Настоящее изобретение далее проиллюстрировано следующими примерами.

ПРИМЕРЫ
Пример 1 – Материалы и Методы.

Взрослые крысы женского пола Sprague-Dawley, каждая весом приблизительно 280 г, были использованы в течение эксперимента и акклиматизированы в течение от одной до двух недель перед использованием в эксперименте.

В качестве источника рентгеновских лучей использовали прибор Westinghouse Coronado Therapeutic machine. Прибор использовали при 200 Kvp, 15 mA, дистанции цель-к-коже 1-2 метра и фильтрационным пучком лучей 2,6 мм A1. Иррадиация и пробная экспозиция производились на здоровых, неанестезированных крысах, помещенных в пластиковые кабины, которые содержали 6-9 особей. Выход рентгеновских лучей контролировали Vietoreen condenser-R chamber, помещенным близко к животным. Дозу, адсорбированную костным мозгом, подсчитывали, используя константу, 1R=0,88 0,05 (среднее погрешность) сГр, как показано в ранних исследованиях (Gong et al., “Effects of Low-Level (1,0 R) X-Irradiation on the Erythroid Response of the Rat Bone Marrow”, Radiation Research, vol. 65:83-97 (1976), раскрытие которого внесено здесь в ссылки. Коротко, дозу определяли путем внесения пары термолюминесцентных дозиметров (“TLD”), содержащих CaF₂ (MN) порошок, запаянный в пластиковую трубку, в бедро убитой крысы, иррадиируя затем одномоментно с TLD в открытый воздух совместно с Victoreen condenser-R chamber и сравнивая результирующие подсчеты.

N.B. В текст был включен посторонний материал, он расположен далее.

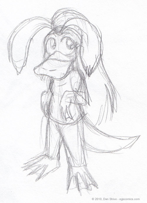 All the other weird bits are also platypus-inspired, but it's merely assumption that they're part of the transformation. I've seen these slippers you can buy, and they make your feet look like bear feet? So she might be wearing platypus slippers. It's just a thought. I'd check, but that rubbery beak is still freaking me out.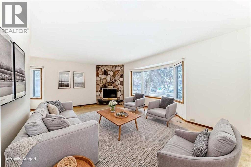 WELCOME to this charming 4 bed/1.5 bath bungalow ideally located across from the community center, community garden, outdoor rink & playground, perfect for a family starter home or investor, n the mature sought after community of Brentwood! Situated on a quiet tree lined street, this well loved bungalow has charm to spare. The main level features a generous living room featuring a large bay window and corner fireplace, with stone facing facade. This flows into the separate dining room with another large bow window & plenty of room for a 6-8 person dining table, ideal for hosting family gatherings. The large kitchen has lots of counter space and an additional eat in area. The good sized primary features bright wide windows and a 2 pc ensuite for privacy. Two additional bedrooms & 4 pc bath complete the main floor. Downstairs you'll find a cozy 4th bedroom or den (non-egress), and a large recreation room for family movie nights & space for kids to play. Finishing the lower level is a cold room and large utility/laundry room with plenty of storage shelving & workbench area for tinkering. In the backyard you'll find a good sized deck and green space for kids & fur babies alike to play. As well, there is an oversized double detached garage for parking on cold winter days. The property is ideally located within a quick walk to 4 schools for kids of all ages, as well as an easy walk to shops, restaurants, services and fitness & aquatic center. Close to University of Calgary, Crowchild Trail, the University C Train, this perfect location makes commuting in any way simple & easy. Don't miss out! (id:55690)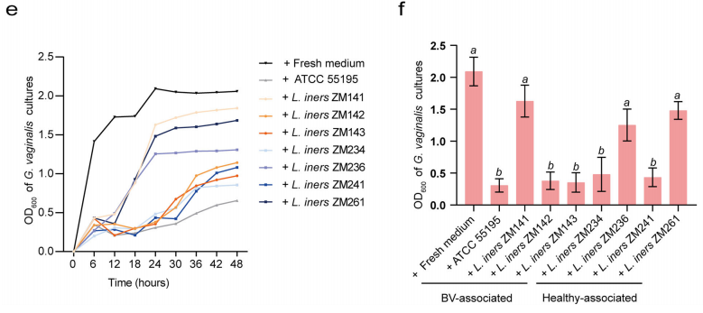 采用血平板厌氧培养,利用特异性引物鉴定L. iners。监测菌株生长曲线,评价生物膜形成能力。提取培养上清液,测定pH及抑制G. vaginalis的抗菌活性。
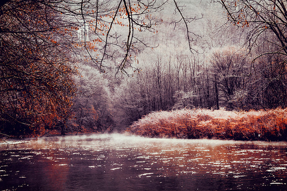 Fantastic landscape! The sky, the water of the river and the hoarfrost on the trees are united in a single color harmony. And this magical nature is beautiful!Β Β

Были использованы две главные группы крыс, одна – для сопоставления доз рентгеновских лучей с уровнями нормобластов (предшественники красных кровяных клеток (“RBCp”) в костном мозге на 7 неделе после иррадиации, и другая – для сопоставления дозы рентгеновских лучей с клетками, несущими трансфериновый рецептор (“TR”), подкласса эритроцитов крови, на 21 неделе после иррадиации. В дополнение двум дополнительным группам животных вводили 600 сГр и анализировали на TR клетки спустя 7 и 30 недель. Данные TR клеток для крыс, экспонированных 600 сГр и анализированных на 6, 21 и 30 недели, использовали для определения уровня восстановления и для установления Т-1/2 восстановления мутаций гематопоэтических стволовых клеток, индуцированных рентгеновскими лучами.

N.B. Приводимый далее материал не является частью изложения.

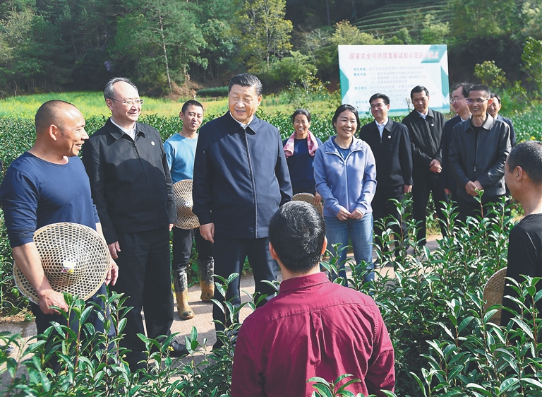 仲春时节,八闽大地一派勃勃生机。3月22日至25日,习近平在福建省委书记尹力、省长王宁陪同下,先后来到南平、三明、福州等地,深入国家公园、生态茶园、文物保护单位、医院、农村、企业、学校等,就贯彻党的十九届五中全会精神、推动“十四五”开好局起好步、统筹推进常态化疫情防控和经济社会发展等进行调研。

Пример 2 – Подсчет RBCp костного мозга.

Одиннадцать групп крыс из двух исследований, одна описанная (Gong (1983)) и одна новая, 10 групп, иррадиированных рентгеновскими лучами (600, 450, 300, 150, 9, 1.3, 1.0, 0.5, 0.13 и 0.2 сГр) и одна неэкспонированная контрольная группа были использованы для подсчета RBCp (нормобластов) в костном мозге. На 7 пост- иррадиационной неделе крыс забивали, удаляли бедра с каркасов и получали пробы из проксимальных эпифизов скальпелем номер 2. Каждую пробу костного мозга диспергировали в капле сыворотки распыляли на сухие, чистые стеклянные полоски для микроскопа и оставляли с красителем Wright-Giemsa. Пробы из одиннадцати групп крыс анализировали визуально на предмет морфологического клеточного перечисления под световым микроскопом. Для каждой крысы подсчитывали пять стеклянных полос (приблизительно 1000 гемопоэтических клеток каждая) для определения процента нормобластов. Для каждой цели гематопоэтические нуклеированные клетки костного мозга классифицировали как либо эритроидные (RBCp), либо неэритроидные (нейтрофильные и т. д. ). Данные, выраженные как% нуклеированных RBCp общей популяции гемопоэтических клеток, показаны в Таблице 4 и изображены на Фигуре 4.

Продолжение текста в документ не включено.